As far as is known, there is only one case of a constitutional court requiring national courts to reopen criminal proceedings which had been declared incompatible with the European Convention on Human Rights, even in the absence of a provision for reopening the proceedings in the criminal procedural code. The Spanish Tribunal Constitucional declared in the Barbera case that national criminal courts have to take up a case if the European Court comes to the conclusion that the national decision is not in line with the ECHR.[66] Here, the Spanish Constitutional Court held that an obligation to reopen the proceedings cannot be derived from the ECHR; the Spanish ordinary courts would be correct if they refuse to apply the national provision of the criminal procedural code on reopening proceedings in the case that the ECtHR declared a national decision incompatible with the ECHR. However, the Spanish Constitutional Court recalled that, according to art. 10 para. 2 of the Spanish constitution the fundamental rights of the Spanish constitution must be interpreted in conformity with the human rights of international instruments ratified by Spain.[67] The Spanish Constitutional Court conceded that the interpretation of such human rights is determined by international courts such as the ECtHR.[68] From this perspective, a violation of art. 6 ECHR also constitutes a violation of the respective provision of the Spanish constitution, here art. 24 para. 4. The execution of a decision of a criminal court (imprisonment) in breach of art. 6 ECHR constitutes a violation of the guarantee of freedom as laid down in the Spanish constitution. Therefore, the Spanish Tribunal Constitucional quashed the decisions of the ordinary courts and sent the case back for a new trial. Formally spoken, the decision was taken within an ”amparo” – procedure, and the Spanish Constitutional Court opened the way for new proceedings by stating the ongoing unconstitutionality of  the decision to be reviewed, which it quashed. This cannot be qualified as a reopening of the case in the sense of the Criminal Procedural Code; but de facto it is nothing but that.
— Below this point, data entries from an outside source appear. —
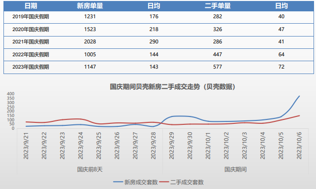根据贝壳研究院郑州分院数据显示,中秋国庆长假期间,新房带看量14242组,较上周增长8467组,成交1147套,同比增长14.1%;二手房带看量14895组,较上周增长3585组,成交577套,同比增长29.1%。尤其是新房方面,假期期间带看量、成交数据有了明显的增长,根据成交走势曲线,在假期最后两天,达到了新房成交的“高潮”。
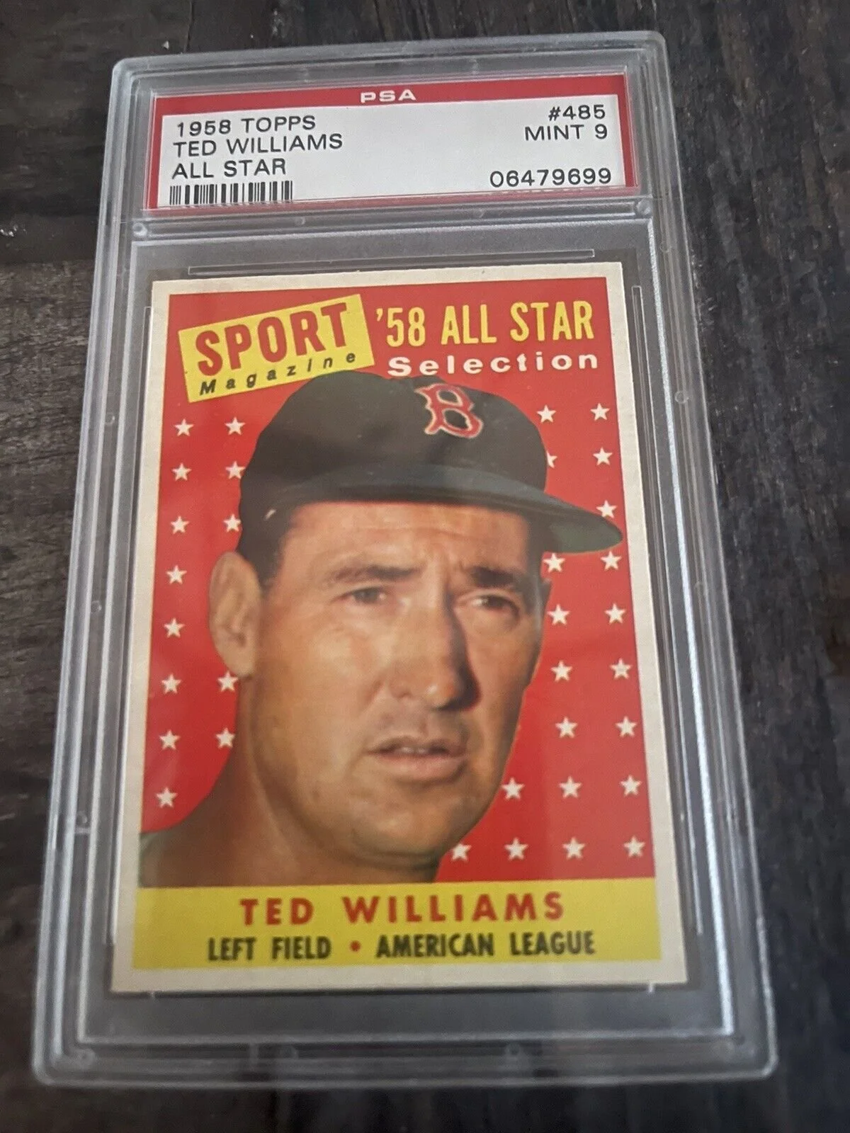 Shop › 1958 Topps Ted Williams All-star 485 PSA 9 Red Sox 170 Image 1 of 1 1958 Topps Ted Williams All-star 485 PSA 9 Red Sox 170 $7,985.00 1958 Topps Ted Williams All-star 485 PSA 9 Red Sox 170. Condition is Graded. Shipped with USPS Ground Advantage. Add To Cart Added! 1958 Topps Ted Williams All-star 485 PSA 9 Red Sox 170. Condition is Graded. Shipped with USPS Ground Advantage.
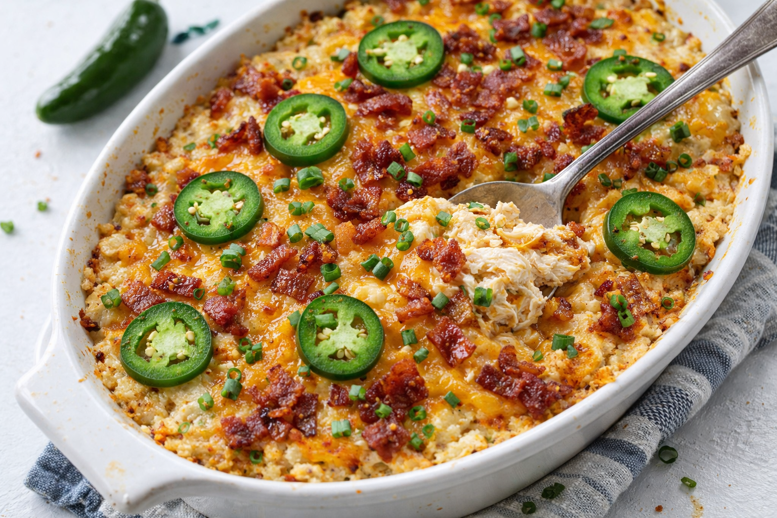 A creamy, spicy, and cheesy chicken bake loaded with jalapeños and bacon.

However, the reasoning of the Spanish Constitutional Court has not been copied by other constitutional courts. If there is no procedural provision permitting it, a proceeding cannot be reopened. Recently, in February 2004, the French Conseil d’Etat decided in an administrative case that the declaration of a violation of the European Convention does not automatically authorize the administrative courts to review administrative proceedings;[69] and it expressly pointed out the difference with the situation in French criminal procedural law, which provides the possibility to reopen a proceeding. It follows from this decision that the French Conseil d’Etat requires an authorization by the national legislature, otherwise the national courts cannot remedy a violation of the European Convention. The Court of Appeal of the United Kingdom declared:  ”...even if the failure to reopen the appellant’s convictions might give rise to violation of Article 46, domestic law precludes reliance on any such violation in the circumstances of this case.”[70]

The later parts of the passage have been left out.